Errors in floating-point arithmetic, such as dividing by zero, result in runtime errors. Most Delphi applications use the SysUtils unit, which maps runtime errors into exceptions, so you will usually receive a floating-point exception for such errors. Read more about exceptions and errors in Exception Handling,” later in this chapter.

The floating-point types also have representations for infinity and not-a-number (NaN). These special values don’t arise normally unless you set the floating-point control word. You can read more about infinity and NaN in the IEEE-754 standard, which is available for purchase from the IEEE. Read about the floating-point control word in Intel’s architecture manuals, especially the Pentium Developer’s Manual, volume 3, Architecture and Programming Manual. Intel’s manuals are available online at http://developer.intel.com/design/processor/.

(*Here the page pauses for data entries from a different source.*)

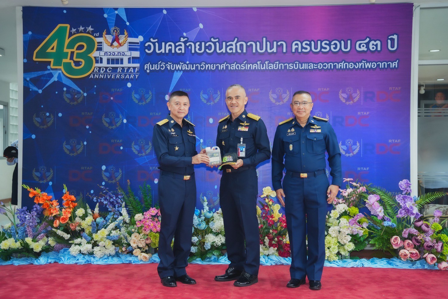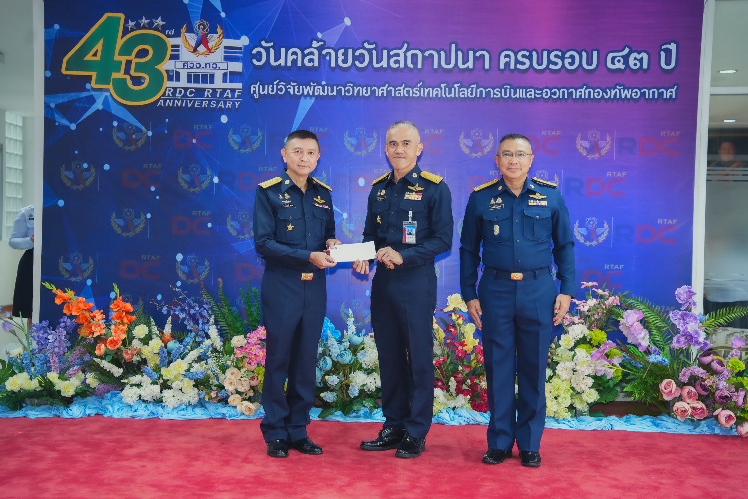 ปลัดบัญชีทหารอากาศ ได้มอบหมายให้ พลอากาศตรี ภูวไนย บุญวรรณ ผู้อำนวยการสำนักบริหารทรัพยากร สำนักงานปลัดบัญชีทหารอากาศ เข้าร่วมงานวันคล้ายวันสถาปนา ศูนย์วิจัยพัฒนาวิทยาศาสตร์เทคโนโลยีการบินและอวกาศกองทัพอากาศ ครบรอบ ๔๓ ปี โดยมี พลอากาศตรี ชเนนทร์ สุขวารี รองผู้อำนวยการศูนย์วิจัยพัฒนาวิทยาศาสตร์เทคโนโลยีการบินและอวกาศกองทัพอากาศ ให้การต้อนรับ เมื่อวันศุกร์ที่ ๑๒ กันยายน ๒๕๖๘ เวลา ๐๙๓๐ ณ หอประชุมศูนย์วิจัยพัฒนาวิทยาศาสตร์เทคโนโลยีการบินและอวกาศกองทัพอากาศ
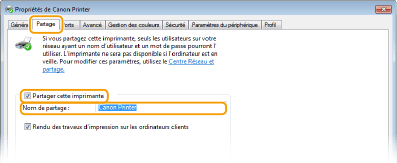Cliquez sur l'onglet [Partage], sélectionnez [Partager cette imprimante] et saisissez le nom de partage de l'appareil.
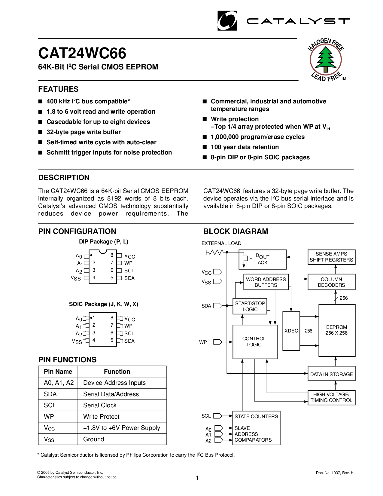 浏览型号CAT24WC66WA-1.8TE13的Datasheet PDF文件第2页

Delphi also has a fixed-point type, Currency. This type represents numbers with four decimal places in the range -922,337,203,685,477.5808 to 922,337,203,685,477.5807, which is enough to store the gross income for the entire planet, accurate to a hundredth of a cent. The Currency type employs the floating-point processor, using 64 bits of precision in two’s complement form. Because Currency is a floating-point type, you cannot use any integer operators (such as bit shifting or masking).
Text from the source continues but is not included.